Does Father’s Day exist if no father is in the house to be served breakfast in bed? You tell me. Alan spent the last week cutting grass, trimming hedges, selecting annuals, planting said annuals, driving to four different places to see if anyone had tomato plants left so we could at least try to get a few of our own even though it’s way late to be planting them, planting said tomato plants, repotting the rosemary, whipping the herb garden into shape, and am I forgetting anything?
Oh yeah — he did some plumbing, too. On Saturday I came home from work and he said, “I want to paddle my kayak. Let’s go to the lake.” I said, “I don’t really want to, and Kate’s playing with her friends so she won’t want to go, either. You go on ahead.” So he did, and didn’t come home until Sunday night. Was this an appropriate honor for a hard-working father? I say yes.
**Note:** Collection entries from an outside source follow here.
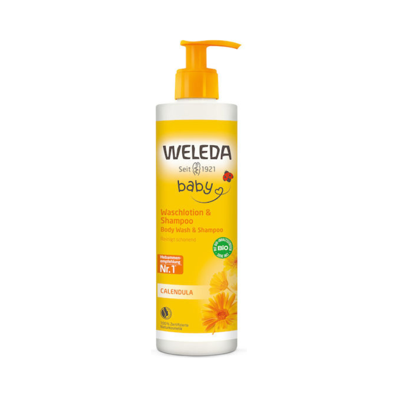 Το Weleda Baby Σαμπουάν & Αφρόλουτρο Καλέντουλας 400ml προσφέρει ήπιο καθαρισμό για το ευαίσθητο δέρμα και τα μαλλιά του μωρού. Περιέχει εκχύλισμα βιολογικής καλέντουλας και γλυκό αμυγδαλέλαιο, που προστατεύουν από την ξηρότητα, διατηρούν τον φυσικό προστατευτικό μανδύα του δέρματος και διευκολύνουν το χτένισμα των μαλλιών.
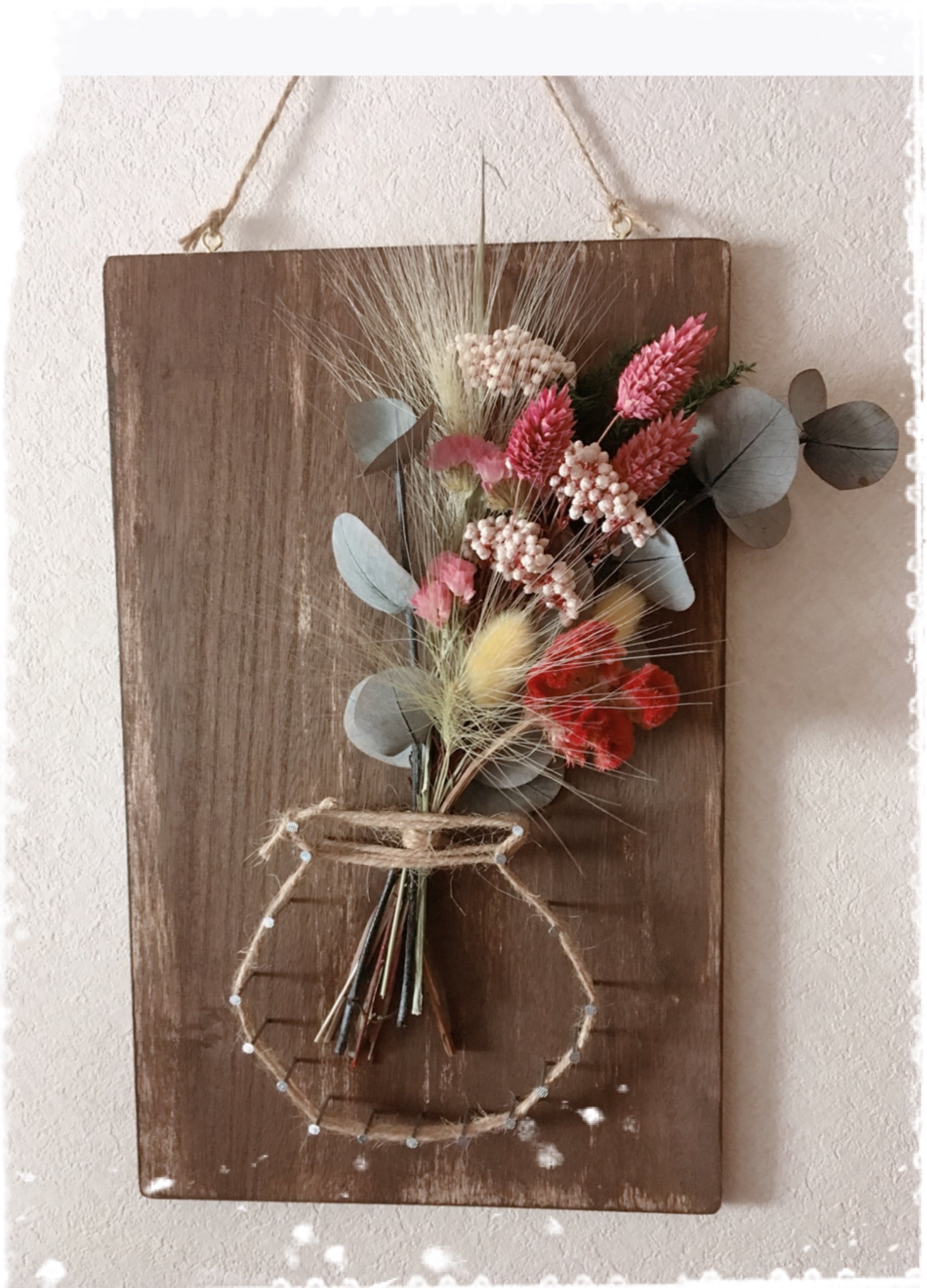 ドライフラワーの生け花風ストリングアート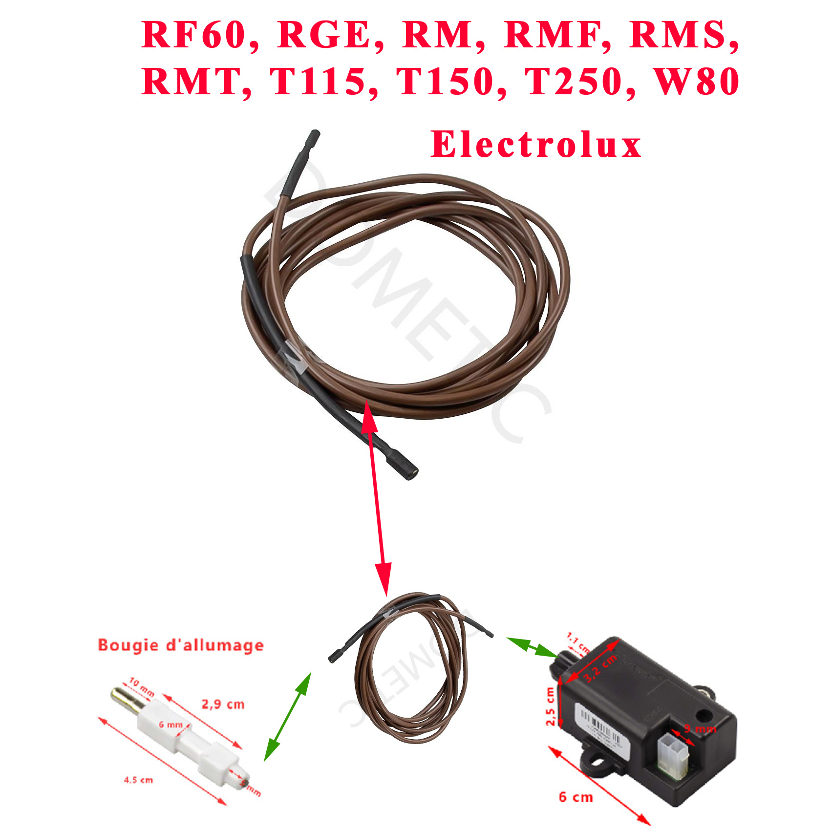 Electrolux , câble de la bougie d’allumage du bruleur des réfrigérateurs

I say a dad who works hard deserves a 36-hour solo holiday, and that’s the way it is in our house. You gotta problem with that?
Actually, I’ve known couples for whom such behavior would be grounds for divorce — no, has actually been grounds for divorce. I once knew someone who was said to file for the Big D because her husband failed to buy her a Mother’s Day card — the nerve!
“I don’t get it,” I said when I heard this. “She isn’t his mother.”
“But they have a baby,” I was told. “And so it was his responsibiity to buy the Mother’s Day card on behalf of the baby.”
Ohhh-kay.
“How is Alan celebrating Father’s Day?” my neighbor asked today.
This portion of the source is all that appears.